- Born: Malvern, Pennsylvania, U.S.
- Education: University of Pittsburgh; Actors Studio Drama School;
- Occupations: Actress; comedian; writer;
- Years active: 2002–present
- Spouse: John Lutz
- Children: 2
- Website: www.suegalloway.com

= Sue Galloway =

American comedian

Sue Galloway is an American actress, comedian, and screenwriter. An Upright Citizens Brigade Theatre alumna and teacher, she is best known for playing Sue Laroche-Van der Hout on the NBC sitcom 30 Rock. Since 2002, Galloway has been an active member of the longtime Upright Citizens Brigade (UCB) troupe.

==Career==
In 2002, Galloway enrolled in the Upright Citizens Brigade Theatre in New York City as a sketch comedy student. While there, fellow UCB comedian Anthony Atamanuik submitted Galloway's name to NBC producers looking to hire a female extra for the upcoming television series 30 Rock. She was originally hired to play "Girl Writer": a staff writer with no lines and occasional reaction shots. By season three, Galloway's role was developed into a French-Dutch character named Sue LaRoche-Van der Hout.
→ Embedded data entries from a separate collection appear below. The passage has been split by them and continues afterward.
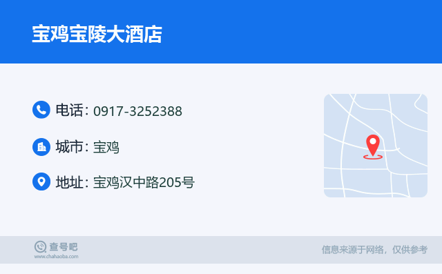 ☎️宝鸡宝陵大酒店:0917-3252388 查号吧 ߓ
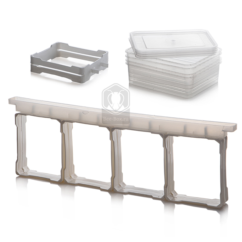Комплект представляет из себя планку (сечением 25х20 мм), четыре медовые минирамки (размеры 120х105 мм) и четыре контейнера для минирамок с медом.
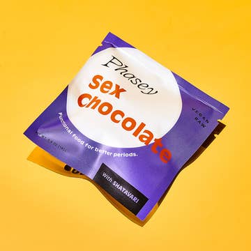 Vi tager derhen, ja lige der. Denne trøffel er tilsat organisk shatavari, et ayurvedisk urt med en lang historie som støtte for reproduktiv sundhed. Du bliver opløftet, pirret og klar til affyring mod Mars. Stress må vige. Klichéen i sin bedste form: sex og chokolade. Nyd den alene eller sammen med en partner. Husk også: praktiser sikker sex. Lavet i samarbejde med Fine & Raw Chocolate. Brug den til at støtte libido, energi og stressreduktion eller bare for at have det godt. Hver trøffel indeholder en halv teskefuld lyst. Ingredienser: Økologisk kakaobønne, økologisk kakaosmør, økologisk kokossukker, økologisk kokosolie, økologisk kakaopulver, salt, økologisk ahornsirup, økologisk shatavari. Brugsanvisning: Indtag 1-2 chokolader dagligt efter behov. For bedst effekt brug under fase 2 eller fase 3 i din cyklus.
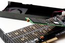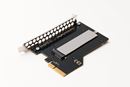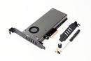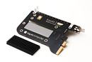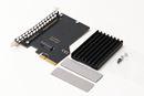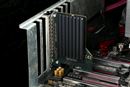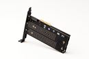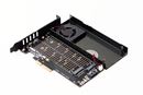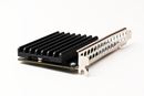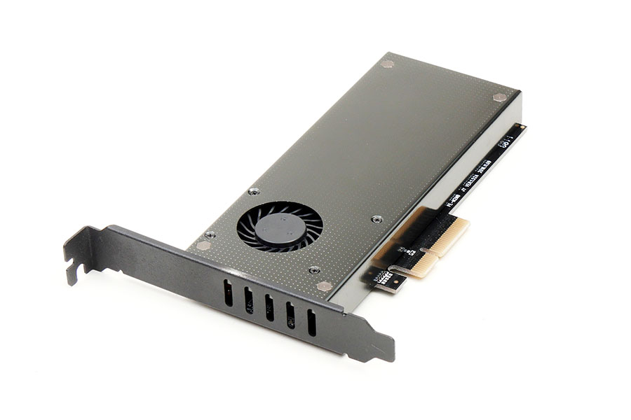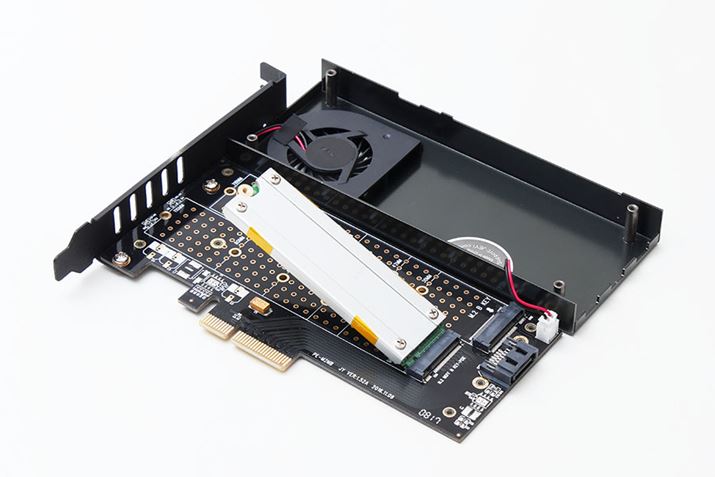 デュアルM.2スロットを備える一風変わったモデル。M.2スロットは、いっぽうがPCI Express x4接続を、もういっぽうがSATA接続をサポートする。インターフェイスの異なるM.2 SSDを2枚同時使用できるうえ、冷却も行えるのが特徴だ。基板は細長だがロープロファイルサイズに対応しているので、小型PCへ装着できる。冷却機構は約40mmのブローファン1基で、ブラケット側に搭載されている。外の空気も吸い込みつつチップに風を送ることで冷却するものだ。今回紹介する製品の中では唯一、ヒートシンクを使わないファンのみの冷却による製品となっている。

Galloway has performed in live theater, television commercials, and film. She created and performed in a one-woman show called POSE Magazine and has produced and starred in various web series and shorts with fellow actress and comedian Pam Murphy. Galloway was a freelance writer for Weekend Update on Saturday Night Live.
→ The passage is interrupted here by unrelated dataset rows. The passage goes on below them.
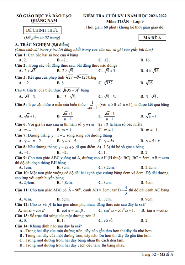 Đề kiểm tra cuối học kì 1 môn Toán lớp 9 năm 2021 – 2022 do Sở Giáo dục và Đào tạo tỉnh Quảng Nam tổ chức đã được công bố. Đề thi bao gồm 15 câu trắc nghiệm và 03 câu tự luận, với tổng số điểm là 10. Thời gian làm bài thi là 60 phút.Một số câu hỏi trong đề thi:1. Khẳng định nào sau đây là sai? A. Trong hai dây của một đường tròn, dây nào gần tâm hơn thì dây đó nhỏ hơn. B. Trong hai dây của một đường tròn, dây nào lớn hơn thì dây đó gần tâm hơn. C. Trong một đường tròn, hai dây bằng nhau thì cách đều tâm. D. Trong một đường tròn, hai dây cách đều tâm thì bằng nhau.2. Cho đường tròn (O) và dây AB khác đường kính. Tính độ dài dây AB khi biết bán kính của đường tròn bằng 10cm và OI = 6cm.3. Chứng minh MB là tiếp tuyến của đường tròn (O) khi đường thẳng Ox vuông góc với dây AB tại I.4. Điều kiện để đường thẳng a và đường tròn (O) cắt nhau là gì khi biết khoảng cách từ tâm O đến đường thẳng a bằng d?Những câu hỏi này sẽ giúp học sinh ôn tập kiến thức và chuẩn bị tốt cho kỳ thi cuối kì. Đề thi có đáp án trắc nghiệm và hướng dẫn giải tự luận để học sinh có thể tự kiểm tra và rút kinh nghiệm sau khi làm bài thi. Chúc các em học sinh thành công trong kỳ thi này!
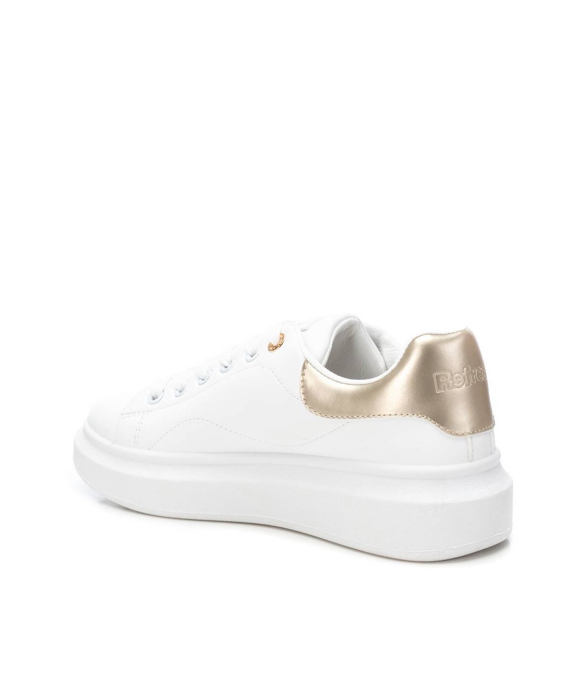 Zapatilla de mujer, de la marca Refresh. Fabricada en material que imita la piel. Cierre mediante cordones ajustables. Piso volumen con suela de goma antideslizante. Un modelo sencillo que se convertirá en un imprescindible de armario. Con plantilla extraíble. Este modelo ha obtenido el certificado vegano por la organización mundial PETA (Organización de los derechos de los animales).
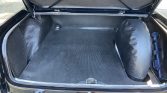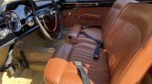 The seats and door panels are upholstered in brown leather, and the floors are lined with off-white carpeting. Features include a Becker Europa II AM/FM push-button radio, a lockable glovebox, and lap belts for the front-seat occupants.
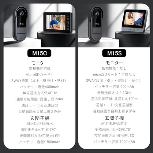 【USB充電式&最大180日連続使用】170°超広角レンズと4.3インチのワイド画面モニターで来訪者を広範囲で確認。玄関カメラは1800mAhの大容量バッテリーを搭載し、約3時間のフル充電で最大180日間の使用が可能。モニターは電源コード式でコンセントから簡単に給電でき、省電力設計により未使用時は自動で画面をオフに。400mAhの内蔵バッテリー付きで、停電時でも安心して使用できるワイヤレスドアホン。
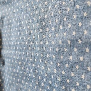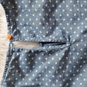 A more dressed-up way to do chambray (one of our favorite...warm-weather fabrics): a fun allover star print and sweet shoulder-baring sleeves.

Galloway currently performs weekly with the UCB improvisational sketch comedy group The Law Firm. "This is what I was born to do," said Galloway.

==Personal life==
Galloway grew up in Malvern, Pennsylvania. She graduated from the University of Pittsburgh and the Actors Studio Drama School. Galloway is married to former Saturday Night Live writer and 30 Rock co-star John Lutz, with whom she has two children.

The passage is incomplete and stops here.